Dino feathers may have had earlier origin than thought

Hairlike filaments found on 'wrong' side of dino family tree

Filaments preserved in newly described fossils hint that feathers, one hallmark of modern-day birds, may have originated from structures present on some of the earliest dinosaur species.

HAIRY BEAST This artist’s reconstruction shows a filament-covered Tianyulong confuciusi, an ornithischian dinosaur that lived in what is now northeastern China between 120 million and 130 million years ago. L.-D. Xing

The fossil record indicates that feathers, besides covering all of today’s birds, also graced many an ancient dinosaur, says Hai-Lu You, a vertebrate paleontologist at the Chinese Academy of Geological Sciences in Beijing. Many research teams have found a variety of simpler structures — including peculiar, branched structures that paleontologists often call “dinofuzz,” as well as single unbranched filaments — on other fossils, he notes. Previously, though, all of those fine-scale body structures have been found on theropod dinosaurs (a group of largely carnivorous bipedal creatures) and their relatives in the saurichian, or lizard-hipped, side of the dinosaur family tree.

Now, in the March 19 Nature, You and his colleagues describe the fossils of an ornithischian, or bird-hipped, dinosaur that apparently sported filamentary structures on several parts of its body. The newly described creature, Tianyulong confuciusi, lived between 120 million and 130 million years ago in what is now northeastern China.

The team’s discovery marks the first time such filamentary structures have been seen in an ornithischian dinosaur, a find with big evolutionary implications. You and his colleagues suggest that such filaments evolved in a dinosaur that was a common ancestor for both ornithischians and saurischians and lived about 220 million years ago.

“Finding a Chinese dinosaur with feathers is not remarkable, but finding one on the wrong side of the dinosaur family tree is,” says Lawrence Witmer, a vertebrate paleontologist at Ohio University in Athens. “This is a surprise,” he adds.

It’s also possible that structures like Tianyulong’s filaments — which aren’t actually feathers but resemble what some paleontologists have proposed are an early stage in feather evolution (SN: 8/18/01, p. 106) — evolved several times in different dinosaur lineages, says Witmer. In some dinosaur groups, such as theropods, the structures evolved to become complex feathers, similar to those adorning today’s birds. “Perhaps the only clear conclusion that can be drawn … is that little Tianyulong has made an already confusing picture of feather origins even fuzzier,” he notes in an accompanying commentary in the same issue of Nature.

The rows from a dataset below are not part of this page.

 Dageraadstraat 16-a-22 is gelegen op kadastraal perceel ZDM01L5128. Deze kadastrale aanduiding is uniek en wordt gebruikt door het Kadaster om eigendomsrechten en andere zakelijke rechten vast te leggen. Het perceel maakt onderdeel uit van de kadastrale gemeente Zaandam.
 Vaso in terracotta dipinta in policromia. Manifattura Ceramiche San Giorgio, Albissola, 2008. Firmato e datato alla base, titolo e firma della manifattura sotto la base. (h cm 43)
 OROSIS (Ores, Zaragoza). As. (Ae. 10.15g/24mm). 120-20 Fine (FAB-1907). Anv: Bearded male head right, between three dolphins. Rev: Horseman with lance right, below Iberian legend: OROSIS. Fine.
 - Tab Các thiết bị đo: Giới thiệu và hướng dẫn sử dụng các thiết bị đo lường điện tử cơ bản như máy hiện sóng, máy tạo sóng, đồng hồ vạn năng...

So far, only one fossil of Tianyulong has been unearthed, You says. The remains, which are probably from a young adult because some of the bones that make up each vertebra aren’t fully fused, suggest this individual was about 70 centimeters long, including a 44-centimeter tail.

The unusual features of Tianyulong, however, are filaments that apparently adorned three spots on the dinosaur’s body: underneath the creature’s throat, along its backbone and atop the base of its tail. All of the filaments, which were probably stiff because none are preserved in a bent position, measured about 0.4 millimeters across. The longest structures, those at the base of the creature’s tail, were about 6 centimeters long, You says.

Although some researchers have suggested that similar filaments preserved with other fossils are filaments of collagen from within the skin and not a body covering, You says the length of the filaments on the Tianyulong fossil — as well as the fact that the filaments on the back and tail project almost perpendicularly from the body — are “strong evidence” that the structures aren’t collagen.